Our largest update for Doom: Eternal was recently released with a bevy of new features like a horde mode and new master levels. My largest contribution was my work towards a new playable character called the dread knight in our multiplayer mode.
This is our first playable melee aggro character and was a lot of fun to prototype. My initial work started around February of 2020 and over the past 18 months it has gone through many iterations and design changes. Some of the major challenges required to implement the dread knight include:
- Multi-hand melee combos using collision tests based on animation events
- Animation FSM and blend tree implementation for first and third person models
- Special physics for the teleport and ground slam spline
- Consequences of invisibility for the enshroud ability
- Server and client authority and messaging
You can see a sample of the playable dread knight gameplay below.
Made a small update to the GitHub repository for the console command variables and functions library I've been working on. Now both functions and variables can use functions with pre-computed hash values.

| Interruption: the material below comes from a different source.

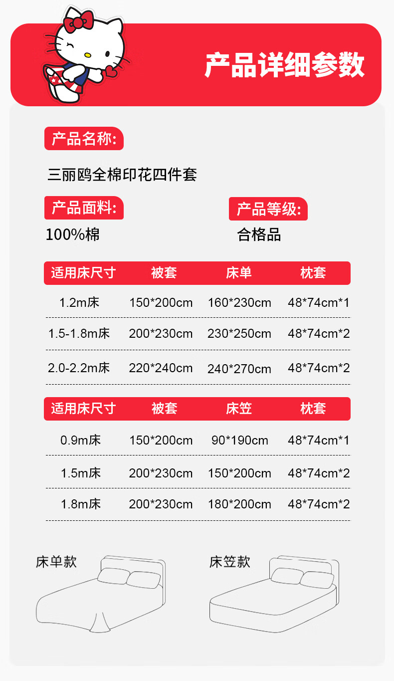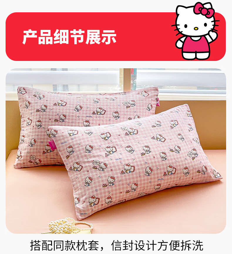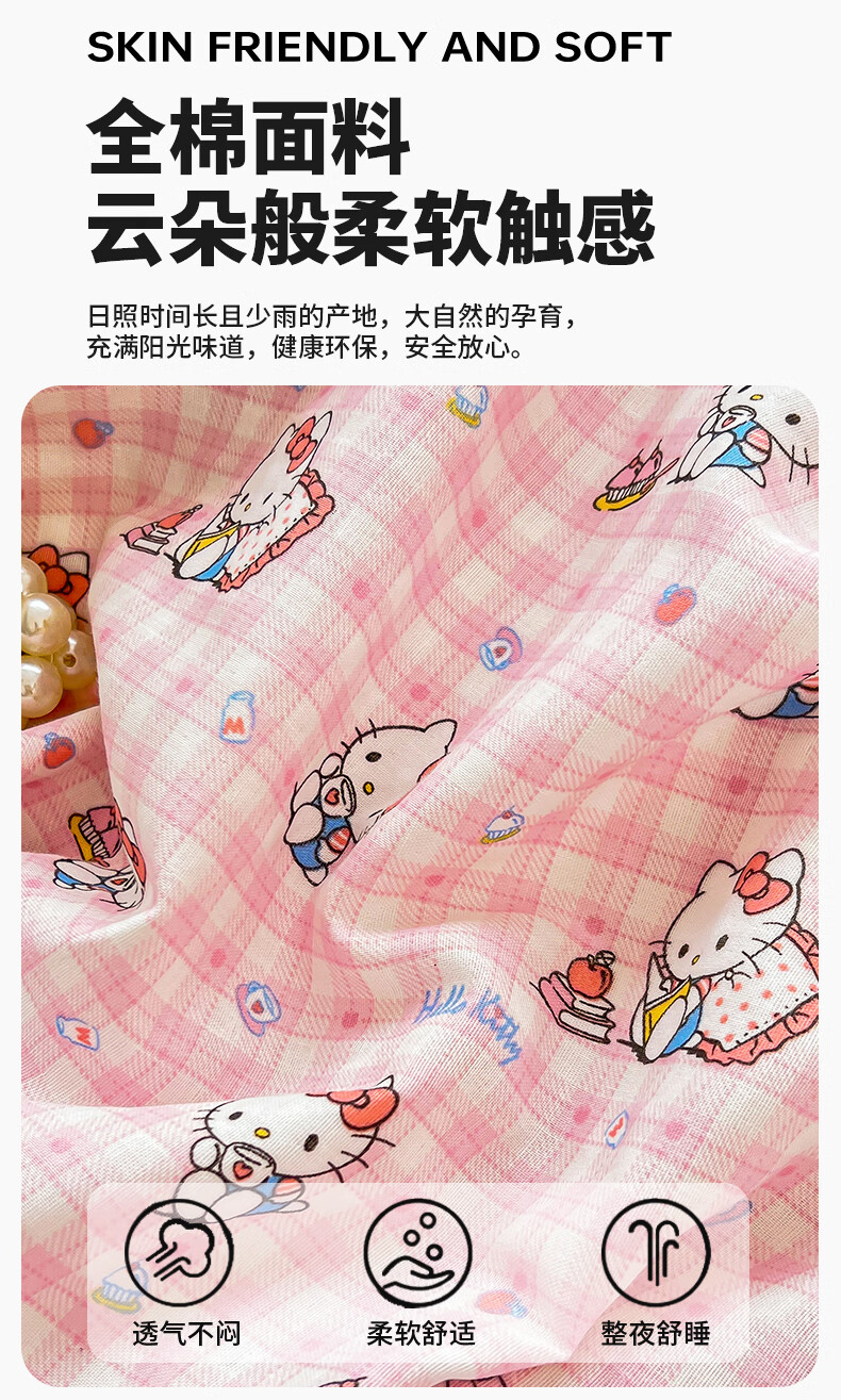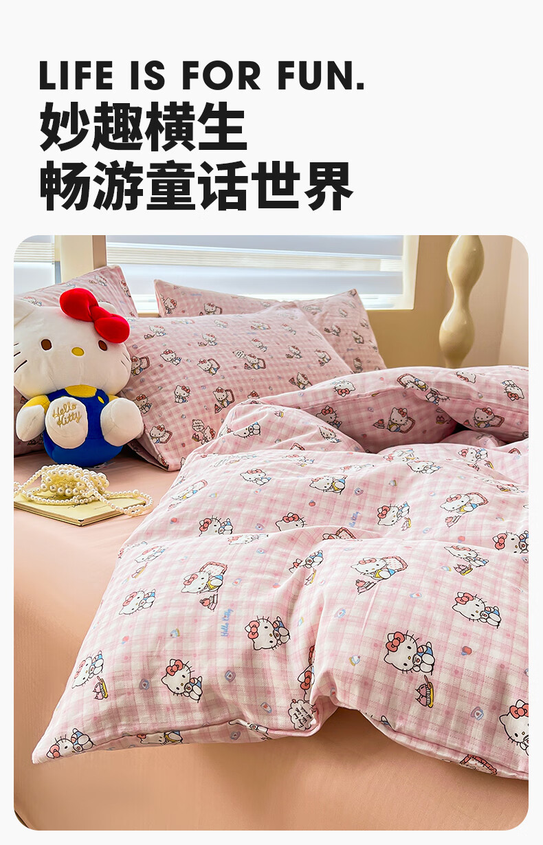 名创优品三丽鸥纯棉床上四件套 全棉床单被套罩床笠单双人学生宿舍床品 MINISO-悠闲午后粉 1.2 床单款 三件套(被套150*200cm)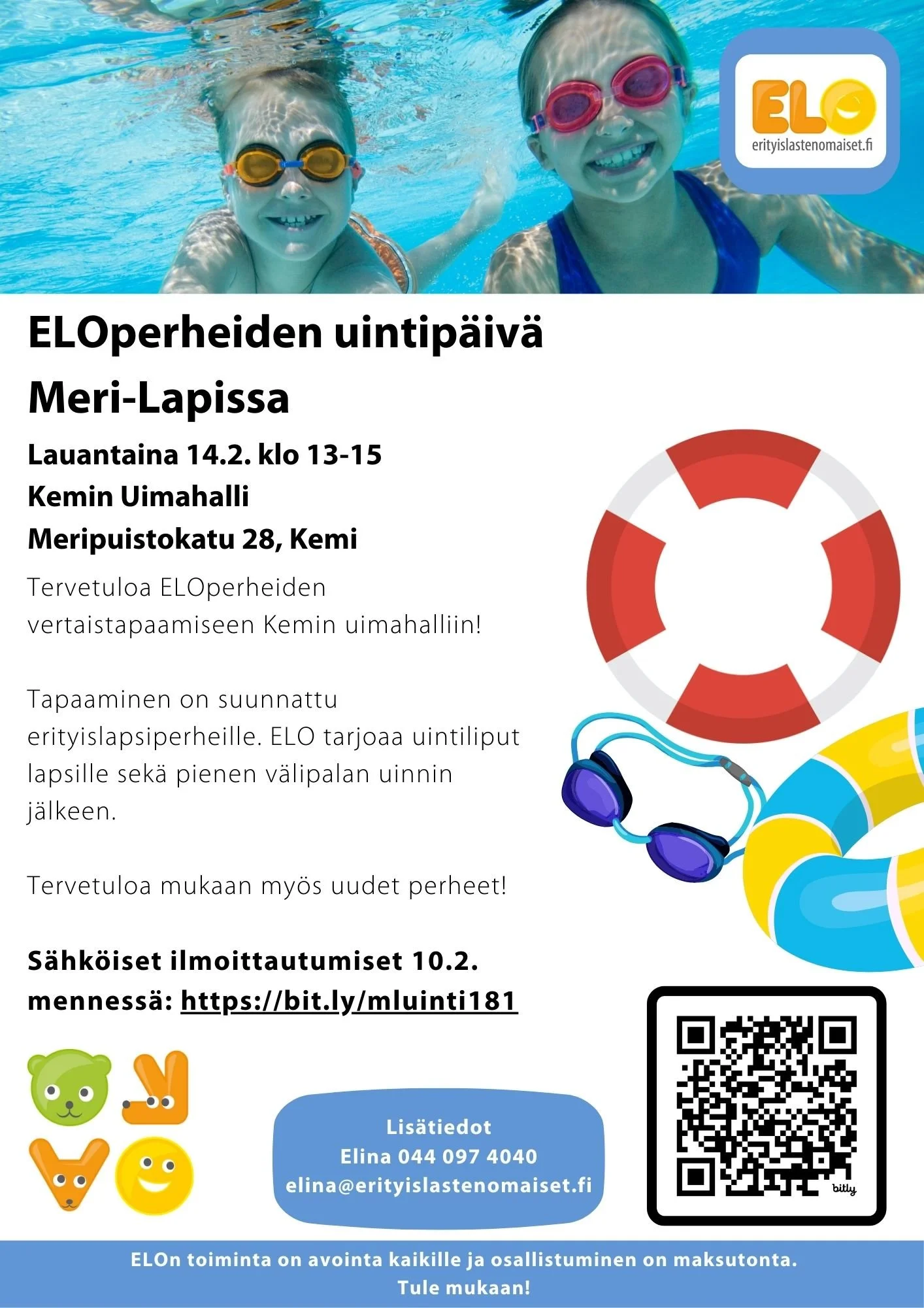 Tapaaminen on suunnattu erityislapsiperheille. ELO tarjoaa uintiliput lapsille sekä pienen välipalan uinnin jälkeen.

This has numerous benefits related to code size, initialization time, and perhaps most importantly security. Unfortunately the trade off is that programmers need to calculate the hash value themselves. To ease with this I've added 2 defines that allow you to compile an executable that makes this pretty easy. By defining _HASH_COMMAND_VARIABLE and compiling you can create a simple command line utility that formats the HASH_COMMAND_VARIABLE macro for you. By adding the folder this executable lives in to your system variables you can open up the command prompt and copy paste the values fairly easily. Another _HASH_COMMAND_FUNCTION define has also been added to do the equivalent for the CONSOLE_COMMAND_FUNCTION_HASH macro.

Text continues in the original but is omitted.